When that happened, Nadal was clearly compromised. It was hard not to think: would he give up? Nadal acknowledged that that was going through his mind. Perhaps that was also the case with Fritz, because his playing level dropped quickly for pieces.
He pretty much handed over the second set of what was to be a 4 hours 21 minutes match under a sky of slate clouds. After Fritz took the third set, his big serve was broken three times in the next set.
Insane winner breaks Kyrgios
Nadal occasionally saw a ball of Fritz’s orange racket fly past. Nadal couldn’t move as he usually does. His signature grunts of “Uhhhh!” were rare.
He didn’t generate the usual zip on his serve, which dropped from a maximum of 120 mph to barely more than 100 mph. He tried to end exchanges with a quick forehand or a drop shot – sometimes successfully, often not.
“A tough afternoon. Not an easy game,” said Nadal. “Something is not right in the stomach.”
Still, he called out his best for the last, taking a 5-0 lead in the final tiebreak – the first-to-10, win-by-two format from 6-all in a fifth set is new for Wimbledon this year – and then five of the last six points. By doing so, Nadal expanded his undefeated position in Grand Slam matches to 19-0 in 2022, while looking to add a trophy at Wimbledon to his victories at the Australian Open in January and the French Open in June. Despite all he has achieved, the 36-year-old Spaniard has never won the first three Slam titles of a season.
On Friday, Nadal will meet Nick Kyrgios, the 27-year-old Australian who will make his Grand Slam debut in the semi-finals after a 6-4, 6-3, 7-6 (5) win over Chile’s Cristian Garin.
Asked to look ahead to Kyrgios, Nadal began with this ominous statement: “I hope to be ready to play.”
The Spaniard admitted it is unknown if he will be fit enough to play after going through the “worst” day with his new abdominal injury.
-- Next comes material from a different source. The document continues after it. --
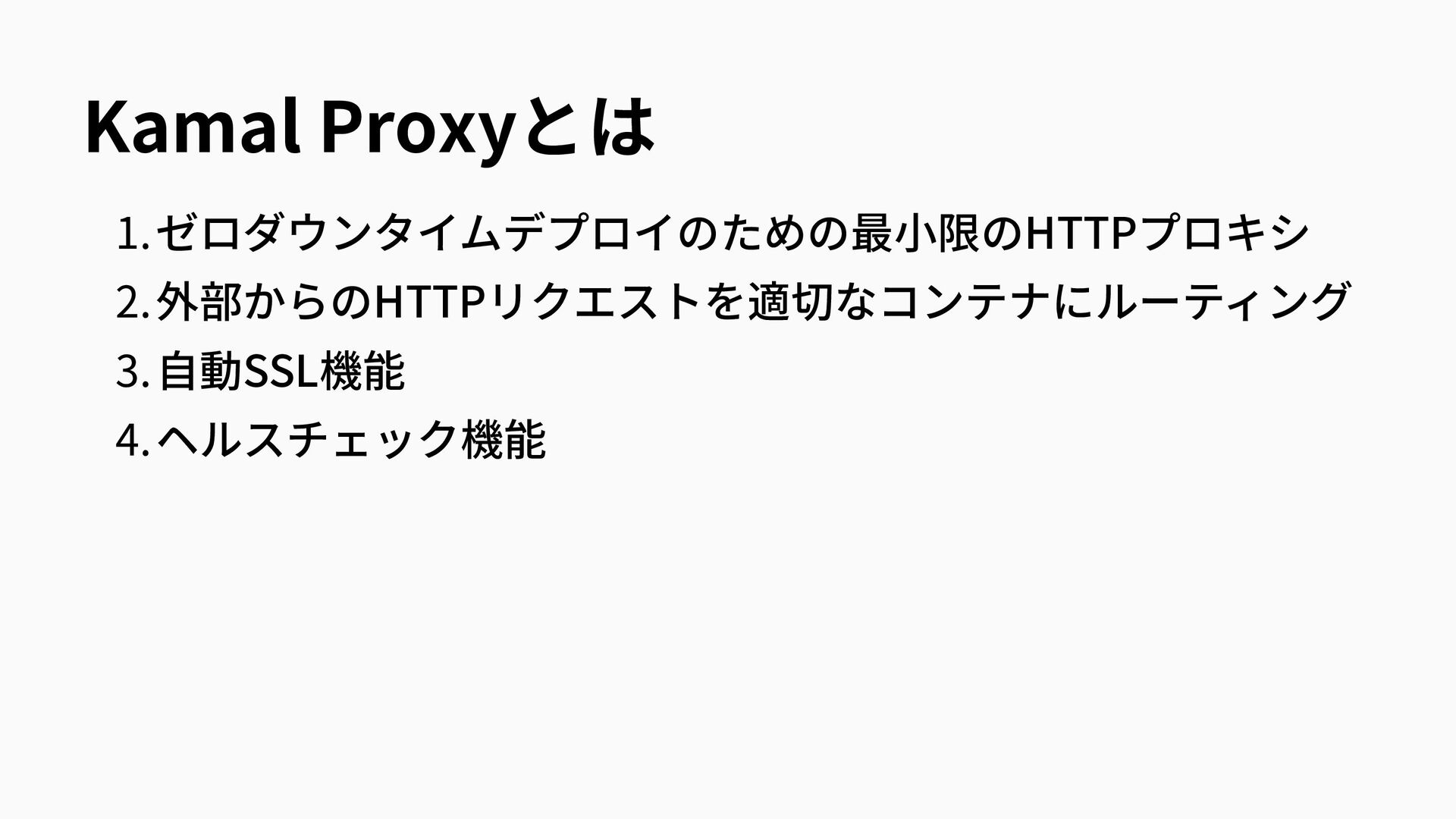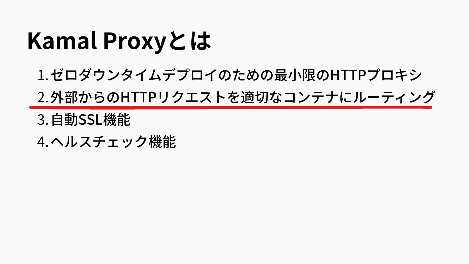 Kamal Proxyとは 1.ゼロダウンタイムデプロイのための最小限のHTTPプロキシ 2.外部からのHTTPリクエストを適切なコンテナにルーティング 3.自動SSL機能 4.ヘルスチェック機能

He continued: “I have to be 100 percent to keep chances and that’s what I’m going to try to do.”
The other men’s semifinal is No. 1 Novak Djokovic vs. No. 9 Cam Norrie.
The women’s semifinals will be 2019 champion Simona Halep against No.17 Elena Rybakina, and No.3 Ons Jabeur against unseeded Tatjana Maria.
Halep advanced by knocking out number 20 Amanda Anisimova of the United States 6-2, 6-4, and Rybakina came back and defeated Ajla Tomljanovic 4-6, 6-2, 6-3.